Chaos theory is the idea of mathematical models that are unpredictable because of high sensitivity to little details, such as a minor change in initial position.  From the outside, chaotic systems look completely out of control, but in reality are completely deterministic. Once you can build an accurate model you can get the right outcomes and predict its behavior to a certain degree. Weather is a good example of a chaotic system. Current weather models allow us to predict the weather about a week in advance. The reason we cannot predict much farther into the future is the chaotic nature of weather systems. Part of this is probably a deficiency in our computer models of weather. Another part, even more important and a problem which is unlikely to be solved, is our lack of complete knowledge about initial conditions. We can't know the position and, just as important, the velocity of every last gas molecule in the entire atmosphere of the earth. We can't know every last characteristic of those molecules at a single instant in time. In fact, according to the Heisenberg uncertainty principle it may be impossible even in principle to know all the details of initial condition in any system. But we can model systems, even chaotic systems, to a certain degree using complicated sets of mathematical rules and algorithms. There is a reason chaos theory did not develop until the 70s and 80s. Understanding and modeling chaotic systems requires computers powerful enough to handle them. They can sometimes be modeled very accurately with computers. The question is: Which systems can we model and how accurately can we model them? The key variant regarding the current topic, progressive politics, is can we model human behavior?

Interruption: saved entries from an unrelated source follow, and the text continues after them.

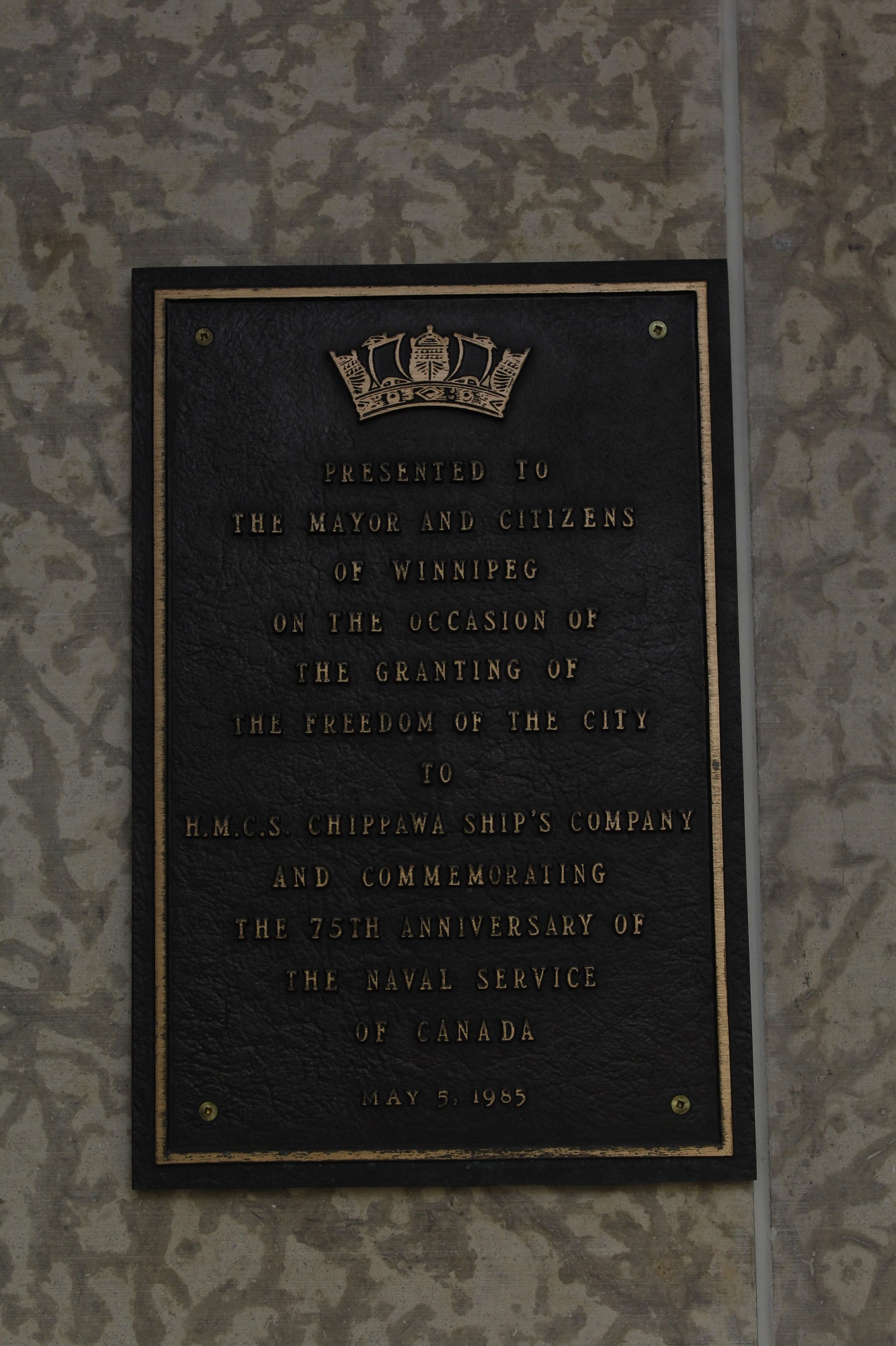 The HMCS Chippawa and Naval Service Plaque was erected on May 5, 1985 to honour the granting of the freedom of the city to HMCS Chippawa and the 75th anniversary of Naval Service.
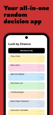 Are you often caught in a whirlwind of indecision? Whether you're struggling to choose a restaurant, deciding on a game to play, or simply need a nudge in the right direction, Luck by Chance is here to help! This innovative app offers a variety of fun and engaging features that make decision-making a breeze. Let’s explore how this app can transform your daily choices.
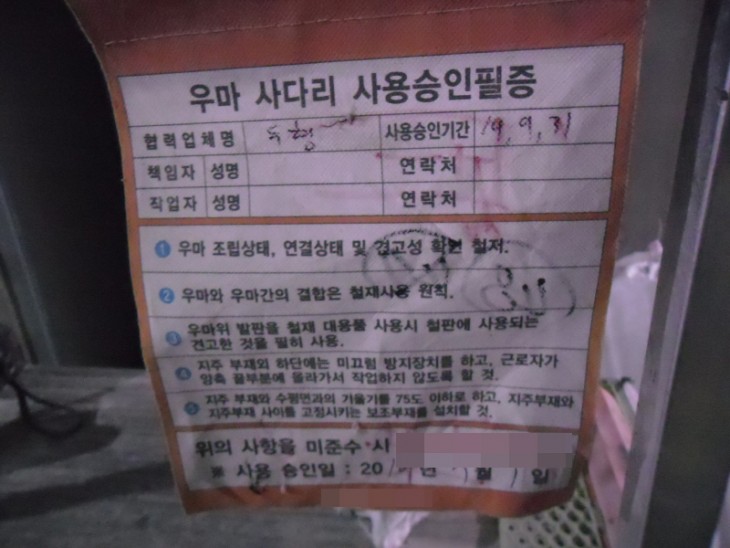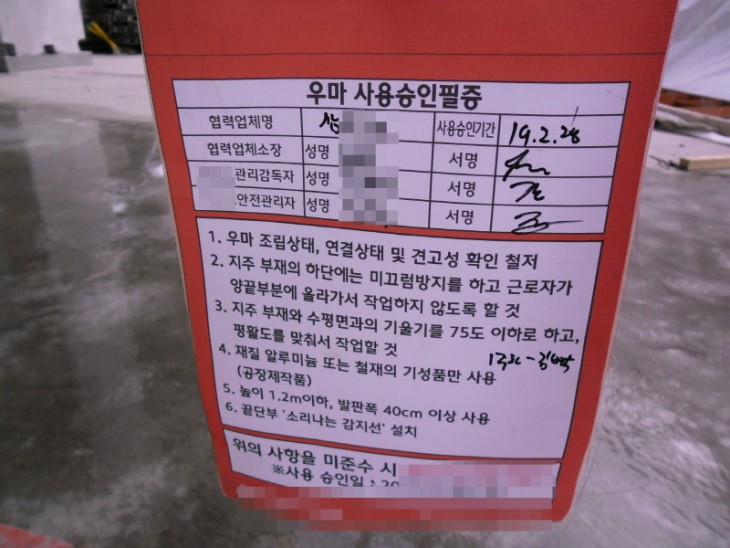 말비계(안장비계, 우마) 사용 승인 필증을 설치하였습니다.
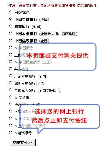 网上支付说明
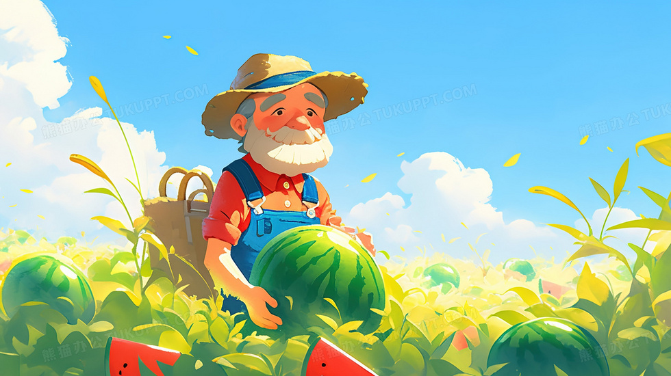 本作品内容为夏季农田丰收西瓜的农民老人插画, 格式为 jpg, 大小2 MB, 图片尺寸为2912 x 1632, 源文件无水印, 欢迎使用熊猫办公。 如认为平台内容涉嫌侵权,可通过邮件:tousu@tukuppt.com提出书面通知,我们将及时处理。

Let's assume for a minute that both these problems with predicting the behavior of chaotic systems could be solved. Let's say that we could know all the initial conditions of 6-7 billion human brains, not to mention the weather and all sorts of other chaotic systems which influence the economies of the world. Let's say we did have a completely accurate computer model of human behavior, able to model all economic behavior since the beginning of the human race until now. Could we then use this information about initial condition and this model to predict human behavior into the future without limit, or even with a limit?

No, because human beings have free will. But as I have pointed out not only on this blog but also in my book, progressives don't believe humans have free will. Now of course many of them may say they do, but the political tradition of progressivism is based on the understanding that human beings are essentially machines that can be programmed to do whatever one wants. The economy is one big, very complex math problem, in other words a chaotic system, that can be solved. For a conservative, the economy is the sum of everyone's free choices and cannot be "solved" or programmed to do what anyone wants. This is one of the biggest differences between real progressives and real conservatives. Now just like progressives, many conservatives may say they don't believe in free will, but practically speaking conservatism is based on the idea that humans are free and attempting to deny them this freedom, politically or economically, is folly. It should not be attempted not only for moral reasons but also because it could not possibly ever succeed. Freedom is part of the unalienable rights of Man, given him by God Himself, and can never be undone.

Assuming conservatives are correct, which I do, what would this world of freedom look like to the progressive who doesn't believe in freedom? It would look very much like a chaotic system. Remember chaotic systems are not free or random; they are deterministic. They look very complex and chaotic, but at bottom they are deterministic. A conservative looks at the economy and sees free wills making free choices according to their various interests, or not, and there is nothing illegitimate about any of it. A progressive looks at the economy and sees a chaotic system which, with enough knowledge, can be manipulated to produce any desired outcome.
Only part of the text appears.